Quando deixamos de acreditar deixamos de sentir. Passamos de intérpretes da nossa vida a meros espectadores da mesma, isto porque nos sentimos longe, longe do mundo, de nós próprios, de tudo aquilo que nos fazia sentir bem, do que nos dava prazer e ânimo para continuar. No fundo, sem sentir parecemos sombras, sentimo-nos vazios, sem rumo, apenas umas meras máquinas que se limitam a cumprir as suas tarefas básicas, aguardando que algo surja, algo que nos possa voltar a colocar na dianteira daquilo a que se chama vida. E esperar por isso, ficar sujeito ao que de externo nos possa conduzir a uma revolução interna, que nos possa acender e fazer explodir, é doloroso, tanto mais quanto mais tempo durar esse capítulo, da mesma forma que, pela condicionante temporal, mais agravado fica o nosso estado, até ao ponto de temermos deixar de ser, ou voltar a ser.
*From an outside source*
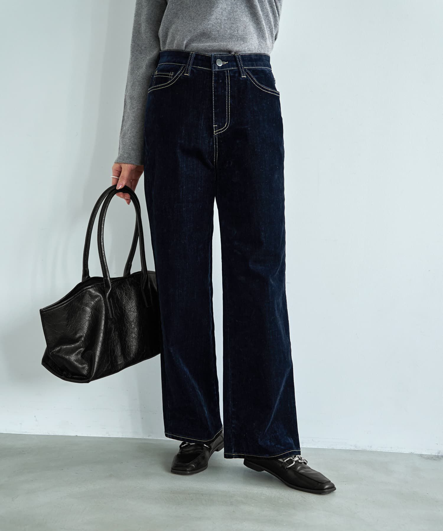ベルベット生地のウエストゴム内蔵型デニムカッコ良さと着痩せ効果、ラクな穿き心地が揃った新感覚デニム。表面はベルベット、裏面はサラりとしたコットンパンツのような質感という、最新の生地を使用しています。ウエストには全周でゴムが内蔵されており、素材自体も強いストレッチ性あり。染料の色味が深く入る、ベルベット生地ならではの美しいネイビーの発色もまた魅力。濃い色の引き締め効果と優れたパターンによる秀逸フォルムで、真っ直ぐな美脚見えも叶います。◆フォルム:直線、という感じで脚を真っ直ぐに見せる、ワイド幅のストレートです。◆色味:深いネイビーに、ベルベット特有のたまに感じるツヤ感が色味に奥行きを与える、とてもキレイで魅惑的なお色です。◆生地伸び:生地自体にはハリ感があるため、穿いているうちに伸びてしまうことや膝が伸びる感じはありません。普通のデニム同様、多少は緩くなります。◆お手入れ:素材的に手洗いは可能ですが、洗うことで染料が溶け出し、表面に色ムラや色味の変化がおきる可能性があります。質感や色合いの維持を優先する場合は、普段は洗わずに消臭・殺菌をスチーマーで済ませ、たまにクリーニングに出すのがお薦めです。◆丈感:一般的なフルレングスデニムです。普通身長(158-163cm)でブーツを穿いてちょうど良い感じ。153cmだと同じブーツで裾が床に着く感じなので、3-4cm程度の丈詰めをするのが良さそうです。170cmの方には少し短く、169cmまでならスニーカー合わせでベストになるイメージです。ゴム入りなので少し腰に落として穿くこともでき、高身長な方にはそれもカッコ良くてお薦めですし、丈感的な余裕も出てきます。【お知らせ事項】◆こちらの商品は濃いお色のベルベット製品なので、色落ち・色移りが生じることがございます。◆水分があるとそのリスクが高まりますので、雨の日や湿度、汗やムレがある際はとくにご注意ください。◆白いバッグやスニーカー、明るい色の下着やトップスなど、色が移って困るような明るいお色のアイテム合わせは避けるのが良いと思います。◆体温で湿度が生まれますので、明るい色の椅子やソファ、車のシートなどにも配慮が必要です。◆インディゴなどのデニム同様、色落ちのリスクは経年と共に落ち着いていきます。【その他の仕様】◆着用時期:10-4月頃が目安◆サイズ感:ゆったりめ◆シルエット:ワイドストレート◆ウエスト:(内側)全周ゴム仕様◆ベルトループ:あり◆厚み:普通のデニムよりはやや厚め◆柔らかさ:ハリ感+強い柔軟性◆肌触り:サラッとした感じ◆着用ジワ:できにくい◆毛羽立ち:できにくい◆伸縮性:あり◆光沢感:光の加減でたまに微光沢◆透け感:なし◆ボタンの色:シルバー◆ステッチの色:ベージュ◆スリット:なし◆着脱:フロントファスナー+ボタン◆ポケット:両サイドとヒップ左右にあり◆裏地:なし◆手洗い:可能(できればクリーニング推奨)◆裾上げ:お直しに出していただけます◆アイロン:不要◆スチーマー:使用OK

sexta-feira, 9 de outubro de 2015

Vencidos

É difícil darmo-nos por vencidos. Recusamo-lo quando tal é evidente. Não aceitamos essa figura de ânimo leve. E porquê? Porque por norma houve uma expectativa, demasiado alta talvez, que nos fez acreditar que poderíamos conseguir, ultrapassar, vencer. Lidar com isso faz parte da vida assim como tantas outras coisas, mas acabamos sempre por perder mais tempo a chorar pelo prato derramado do que em seguir em frente. Isto porque muitas vezes fica-se na dúvida, se realmente perdemos, se realmente há uma hipótese de ainda ganhar, porque quando o objectivo é incerto e nebuloso é difícil seguir em frente, é complicado perceber em que patamar nos encontramos. Assim sendo a dificuldade maior não reside em ganhar ou perder, mas sim, em saber identificar os objectivos a que nos propomos, bem como a forma como lidamos com os mesmos. O problema no entanto, é que nem sempre escolhemos, por vezes acabamos nós por sermos escolhidos e nem sempre por aquilo que compreendemos ou estamos preparados para lidar. Talvez por isso, não seja fácil chegarmos a uma conclusão, como aquela em nos temos de conformar que, simplesmente, perdemos.
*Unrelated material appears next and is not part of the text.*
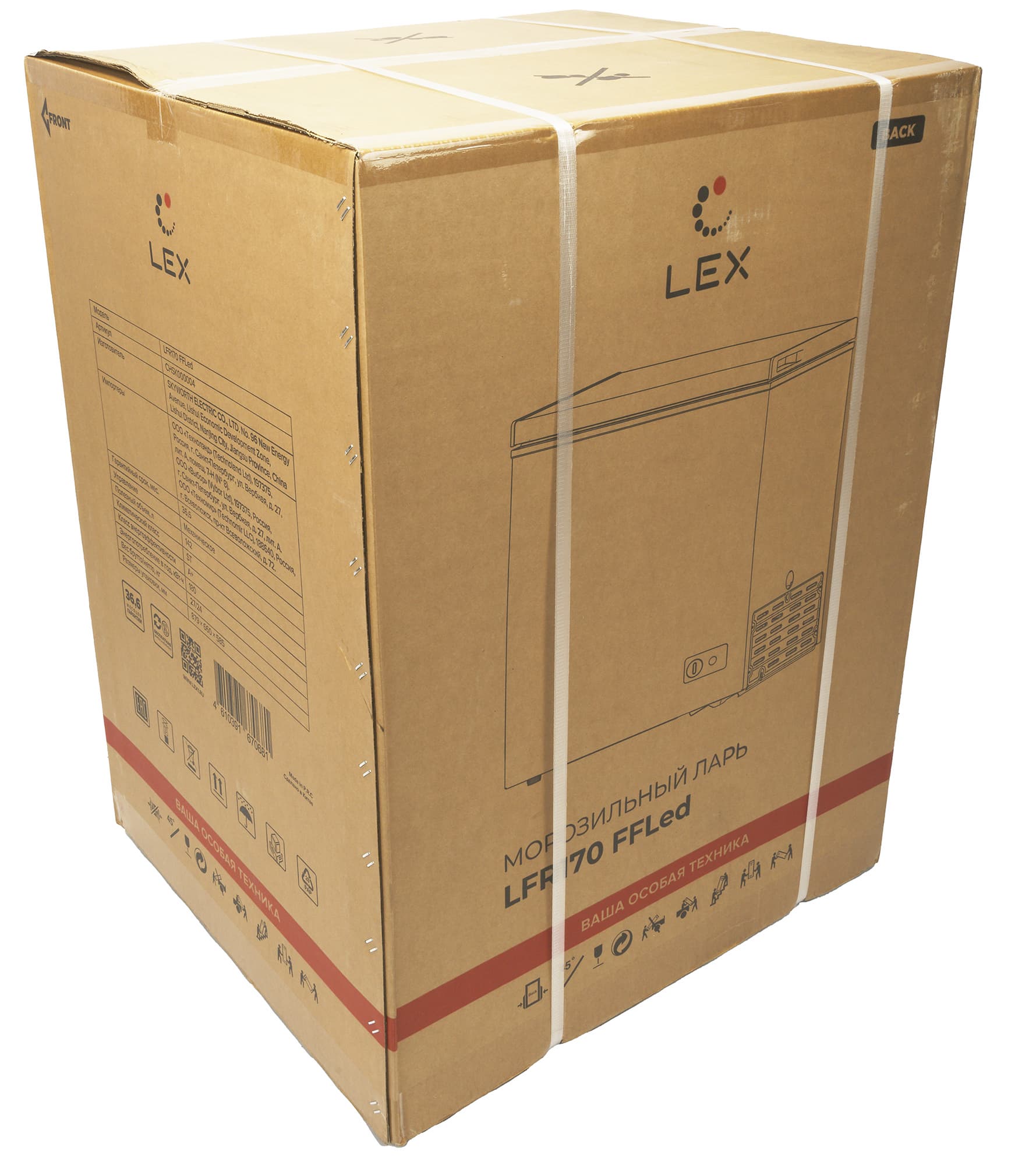 Морозильный ларь Lex LFR170 FFLed поставляется в картонном коробе, который установлен на пенопластовое основание и притянут к нему капроновыми стропами.

quarta-feira, 7 de outubro de 2015

Ser rico

Muita gente há que gostava de ser rica. No entanto existem aqueles não só não gostavam de ser ricos, como querem ser ricos. Nada há contra quem queira ser rico, há quem trabalhe, poupe, procure ter novas ideias, inovar, estudar, etc, batalhar para conseguir de alguma for ter mais do que a maioria. Contudo, muitos mais existem que nada fazem por isso, ainda que queiram ser igualmente ricos. Como não o conseguem procuram então parecer, ao invés de o ser realmente. Mudam os gestos, os preceitos, ganham preconceitos achando que assim se vão sentir mais ricos, tornando a riqueza, que é coisa material, num estado de espírito que os deforma, corrói e os transforma no mais reles excremento social, aqueles que nada têm mas que se acham superiores aos outros. Por isso exibem toda uma série de atitudes, todas, segundo os próprios, contrárias ao que um pobre supostamente faria. E no meio destas atitudes uma coloco em destaque, aquela em que eles se tornam apoiantes, senão mesmo sabujos, dos verdadeiros ricos, dos grandes barões, aqueles que na maior parte das vezes exploram os demais, inclusive, esses que tanto gostavam de ser como eles, mas só podia ser dessa forma, porque ao contrário seria coisa de pobre.